GUI-based data processing systems simplify and accelerate data tasks with a user-friendly interface, eliminating the need for extensive coding skills. This accessibility allows analysts to easily design, modify, and execute workflows with intuitive drag-and-drop operations and visual representations. Incorporating visualization operators into data processing systems to represent the processed result enables analysts to quickly gain insights, understand patterns, and make informed decisions from complex data. As analysts observe the results, they may uncover new trends, leading to further questions or hypotheses that require modifications and edits to the workflow. Each change to the workflow generates a new version. Given the iterative nature of data analytics, modifying workflows is a common practice. The results produced from executing these versions are materialized, enabling users to refer back to them to reproduce and replicate past experiments, ensuring the validity of reported outcomes. While striving for improved results, in many cases, the results of new iterations are equivalent to those of previous runs. Given the significant time required to execute analytical tasks on large datasets, it becomes imperative to reduce redundant computations by reusing previously-stored results. Hence, it is crucial to identify and verify the equivalence of results across different runs.
This dissertation is driven by these pressing needs to enhance iterative data analytics within GUI-based data processing systems by integrating visualization, version control, and result reuse. The dissertation is structured into four main parts.
The first part addresses the challenge of incrementally visualizing large spatial networks while minimizing visual clutter. To tackle this issue, we introduce GSViz, a general-purpose middleware-based solution consisting of two modules, namely edge-aware vertex clustering and incremental edge bundling to effectively visualize large spatial networks.

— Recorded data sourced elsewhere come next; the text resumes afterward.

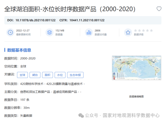 由中国科学院南京地理与湖泊研究所的宋春桥、陈探、詹鹏飞、罗双晓等老师提交的全球湖泊面积-水位长时序数据产品(2000-2020),经审核整理后正式在国家对地观测科学数据中心发布,热忱欢迎广大科研工作者关注并获取数据。
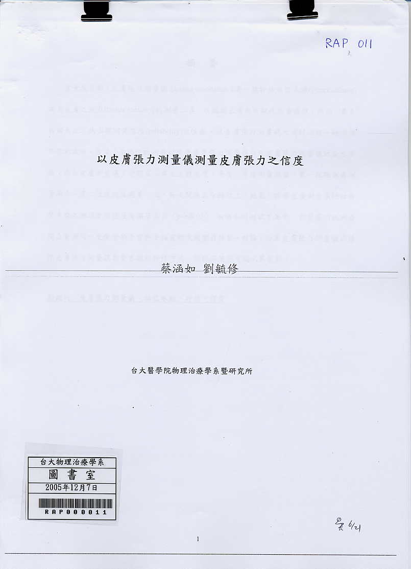 以皮膚張力測量儀測量皮膚張力之信度
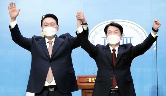 국민의힘 윤석열 대선 후보와 국민의당 안철수 대선 후보가 3일 오전 국회 소통관에서 단일화 기자회견을 마치고 포즈를 취하고 있다. 김상선 기자

The second part focuses on the development of Drove, a framework designed to track changes in workflows, environment dependencies, workflow executions, and the generated results. By utilizing Drove, researchers and analysts can gain valuable insights into the evolution of workflows and understand the impact of modifications on the final outcomes.
In the third part, we present Veer, an algorithm for verifying the equivalence of two complex workflow versions. Additionally, we present a series of optimization techniques to improve the performance of the baseline algorithm.
Lastly, we introduce Raven, an optimization framework that ranks the previously executed workflow versions then it tests their equivalence compared to a new workflow version execution request. By reusing the results generated from these versions, Raven minimizes redundant computations and significantly enhances performance when handling new workflow execution requests. Raven retrieves the previous versions from Drove and pushes testing their equivalence to Veer.